RCMP caused 'serious interference' with press freedom in 2020 Wet'suwet'en raid, review body finds
CBC
The RCMP seriously interfered with press freedoms, unreasonably blocked media access and arbitrarily detained a reporter during a 2020 raid on Wet'suwet'en-led blockades in northern British Columbia, the force's review body says.
Five years after that operation, the Mounties formally apologized to complainant Ethan Cox, senior editor at independent news outlet Ricochet Media, and Gitxsan reporter Jerome Turner, for breaching Turner's Charter rights.
"I welcome this apology. I think it's tremendous," said Cox, who praised the review's findings as precedent-setting.
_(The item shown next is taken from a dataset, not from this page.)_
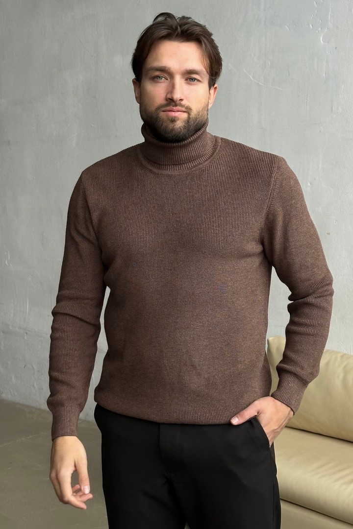 Бадлон коричневого цвета с высоким горлом — стильная базовая вещь в мужском гардеробе.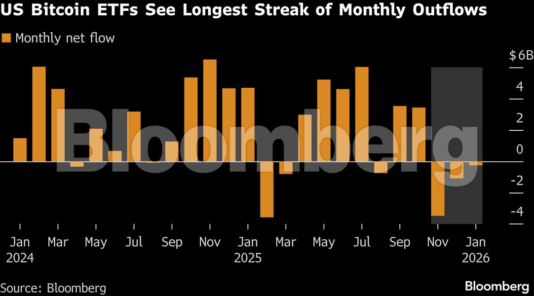 Τα 12 spot Bitcoin ETF που είναι εισηγμένα στις ΗΠΑ καταγράφουν τρεις συνεχόμενους μήνες καθαρών εκροών. Αν η τάση συνεχιστεί έως το τέλος Ιανουαρίου, θα πρόκειται για το μεγαλύτερο σε διάρκεια κύμα εκροών από την έναρξη λειτουργίας τους το 2024. Κατά το ίδιο διάστημα, περίπου 4,8 δισ. δολάρια έχουν αποσυρθεί από τα προϊόντα αυτά, σύμφωνα με στοιχεία που συγκέντρωσε το Bloomberg.

"I think it's a step in the right direction, but it has to be followed with action, and that action has to trickle down to the officers on the front lines."
Signed by Staff Sgt. Maj. Kent MacNeill, the force's Feb. 19 letter of regret was a welcome surprise for Turner, who accepts the apology — on one condition.
"I accept it, with the caveat that they don't do this to journalists ever again," he said.
The rebuke from the Civilian Review and Complaints Commission adds to a list of racist or unconstitutional conduct by the RCMP's Community-Industry Response Group (C-IRG).
Last week, a B.C. judge found C-IRG violated Charter rights by making "grossly offensive, racist and dehumanizing" remarks about First Nations women during another raid on Wet'suwet'en-led blockades against Coastal GasLink pipeline construction in 2021.
Last fall, the review body lambasted C-IRG for its wrongful arrest of hiker Brian Smallshaw, criticizing the unit for its "disproportionately intrusive methods," at the Fairy Creek anti-logging blockades in 2021.
Meanwhile, the complaints commission is already conducting a systemic investigation into the unit, which was renamed the Critical Response Unit, or CRU-BC, amid the federal probe last year.
While it's taken years, Cox suggests chickens are coming home to roost for a unit that documents show was created to defend pipelines from Indigenous activists and environmentalists.
"The systemic review that comes out later this year is going to be perhaps even more scathing, and I hope that that leads the RCMP to get rid of the C-IRG," said Cox.
"I don't think the C-IRG is defensible. I don't think it's redeemable. It is a really bald faced exercise in policing at the service of industry."
Turner was assigned to cover Wet'suwet'en resistance to the Coastal GasLink pipeline in 2020. That February, RCMP swept in to enforce an injunction against blockades interfering with pipeline construction.